=== DATASET RECORDS ===
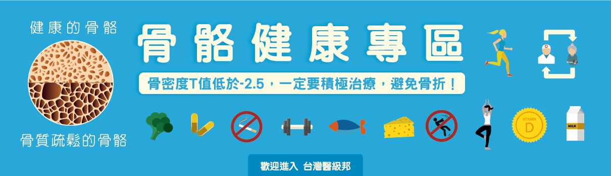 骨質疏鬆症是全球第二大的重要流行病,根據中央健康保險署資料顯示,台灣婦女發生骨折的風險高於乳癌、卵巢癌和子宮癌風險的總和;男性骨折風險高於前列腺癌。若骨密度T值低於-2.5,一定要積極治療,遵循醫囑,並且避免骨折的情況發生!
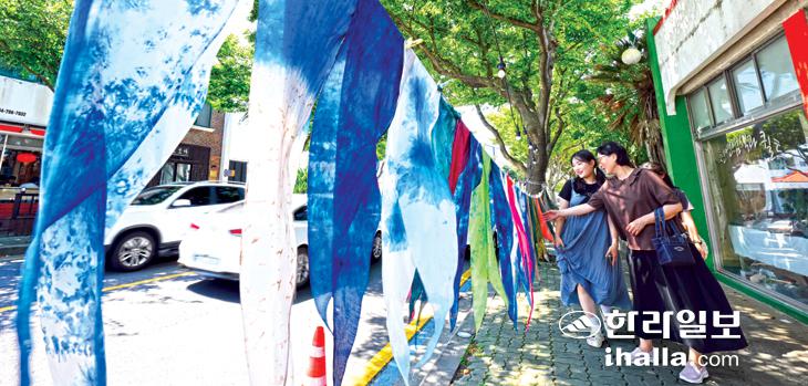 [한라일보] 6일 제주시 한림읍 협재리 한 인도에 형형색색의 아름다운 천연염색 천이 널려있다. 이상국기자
===
=== DATASET RECORDS ===
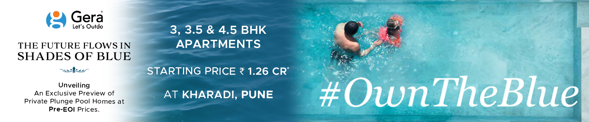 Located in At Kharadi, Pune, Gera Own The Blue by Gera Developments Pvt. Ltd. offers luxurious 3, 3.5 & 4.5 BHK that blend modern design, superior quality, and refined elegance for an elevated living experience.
===
=== WHAT YOU ARE ASKED TO DO ===
Your answer must be the lines above from the one holding "骨質疏鬆症是全球第二大的重要" up to and including the one holding "[한라일보] 6일 제주시", exact and with no pictures.

=== ANSWER TO THIS PROBLEM ===
 骨質疏鬆症是全球第二大的重要流行病,根據中央健康保險署資料顯示,台灣婦女發生骨折的風險高於乳癌、卵巢癌和子宮癌風險的總和;男性骨折風險高於前列腺癌。若骨密度T值低於-2.5,一定要積極治療,遵循醫囑,並且避免骨折的情況發生!
 [한라일보] 6일 제주시 한림읍 협재리 한 인도에 형형색색의 아름다운 천연염색 천이 널려있다. 이상국기자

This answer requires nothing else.